Neutron scattering is one of the most effective ways to obtain information on the structure and dynamics of condensed matter. A wide scope of problems, ranging from fundamental to solid state physics and chemistry, and from materials science to biology, medicine and environmental science, can be investigated with neutrons. In addition to scattering techniques used in basic research, non-diffractive methods can also be applied to industrial applications.
Paul Scherrer Institute is home to the SINQ neutron research facility — known as a spallation source — that produces a beam of neutrons for use in materials research and investigation of biological substances. Under the new agreement, Swedish researchers will bring their experiments to SINQ for “beamtime”, widening the range of research conducted at the facility.
The five institutions will also be active in the European Spallation Source (ESS), a higher-power facility to be funded and operated by a partnership of 17 European countries.

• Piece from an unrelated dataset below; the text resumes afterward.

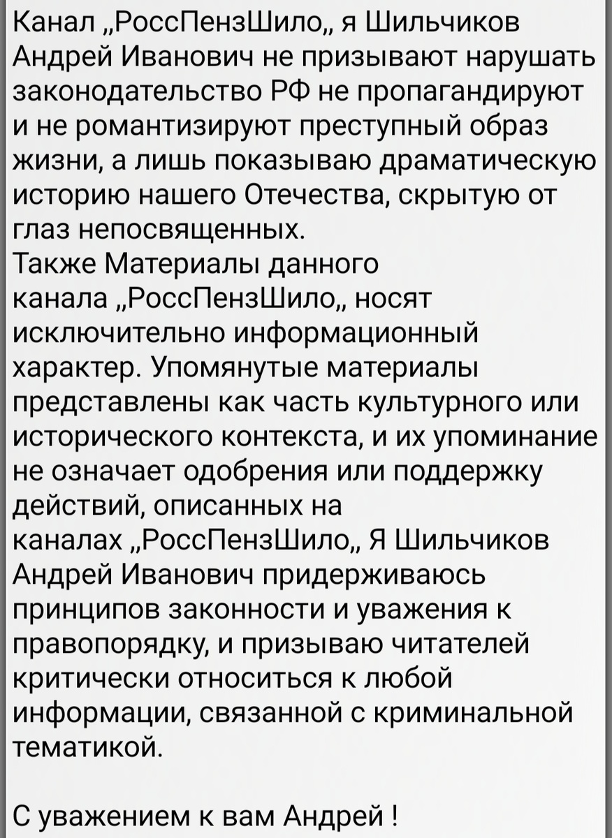 Канал ,,РоссПензШило,, я Шильчиков Андрей Иванович не призывают нарушать законодательство РФ не пропагандируют и не романтизируют преступный образ жизни, а лишь показываю драматическую историю нашего Отечества, скрытую от глаз непосвященных. Также Материалы данного канала ,,РоссПензШило,, носят исключительно информационный характер. Упомянутые материалы представлены как часть культурного или исторического контекста, и их упоминание не означает одобрения или поддержку действий, описанных на каналах ,,РоссПензШило,, Я Шильчиков Андрей Иванович придерживаюсь принципов законности и уважения к правопорядку, и призываю читателей критически относиться к любой информации, связанной с криминальной тематикой. С уважением к вам Андрей !

Located in Lund, Sweden, ESS is slated to begin construction in 2013 and become operational in 2019.
Synchrotron radiation research produces streams of charged particles that can be used to probe the structure of matter from the sub-nanometer level of electronic structures to the micrometer and millimeter level important in medical imaging.
Since 2001, PSI has operated Swiss Light Source, a synchrotron accelerator facility open to researchers from around the world. MAX IV, a next-generation synchrotron accelerator, is currently under construction in Sweden.